Saqib Mahmood

Personal information
- Full name: Saqib Mahmood
- Born: 24 August 1977 (age 48) Kettering, Northamptonshire, England
- Batting: Right-handed
- Bowling: Right-arm leg break

Domestic team information
- 1999: Somerset
- Only FC: 25 June 1999 Somerset v New Zealanders

Career statistics
| Competition | First-class |
| Matches | 1 |
| Runs scored | 7 |
| Batting average | 7.00 |
| 100s/50s | 0/0 |
| Top score | 7* |
| Balls bowled | 18 |
| Wickets | 0 |
| Bowling average | – |
| 5 wickets in innings | – |
| 10 wickets in match | – |
| Best bowling | – |
| Catches/stumpings | 1/– |
- Source: CricketArchive, 29 January 2016

= Saqib Mahmood (cricketer, born 1977) =

English cricketer (born 1977)

Saqib Mahmood (born 24 August 1977) played first-class cricket for Somerset in 1999. He was born at Kettering, Northamptonshire.

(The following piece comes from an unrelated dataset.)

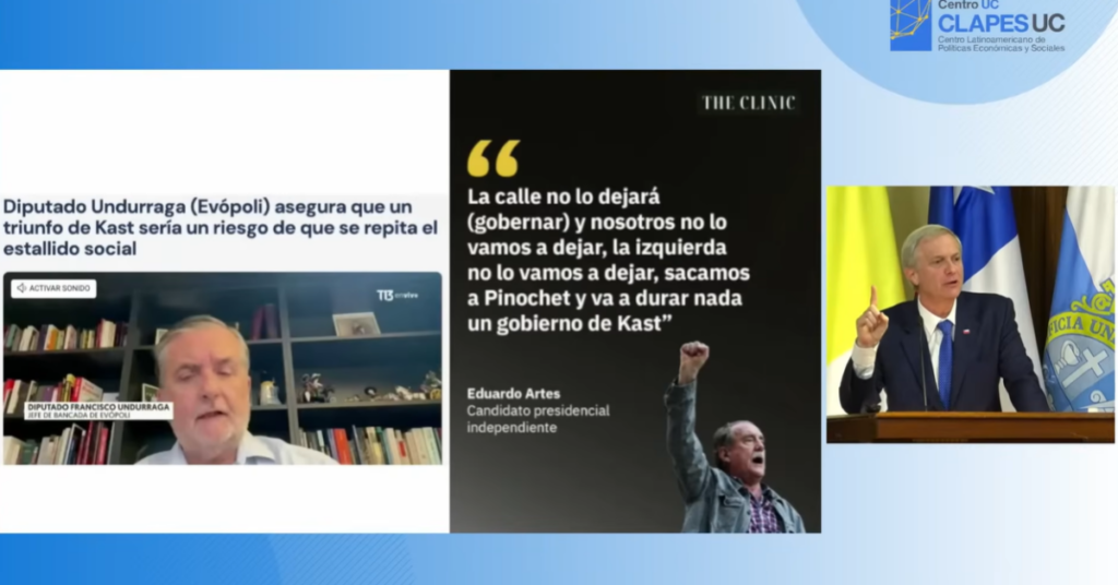 El Mandatario también le contestó. En el foro de Clapes UC, el entonces candidato citó a Undurraga sosteniendo que el único “estallido” real fue el de 2019 bajo el Gobierno que él respaldó, es decir, de Sebastián Piñera. La siguiente es la diapositiva en la que Kast adjuntó una captura de pantalla para responderle.

Mahmood was a right-handed lower-order batsman and a right-arm leg-break bowler. Having played for Essex's second eleven in 1997 and 1998, he joined Somerset, but appeared in only one first-class match. Against the 1999 New Zealanders he batted at No 11 and scored an unbeaten seven in the first innings and was out without scoring in the second innings; his bowling was unfortunate, and his two overs in the first innings went for 34 runs, including six no-balls, while his single over in the New Zealanders' second innings had nine runs scored from it. He did not play for Somerset again.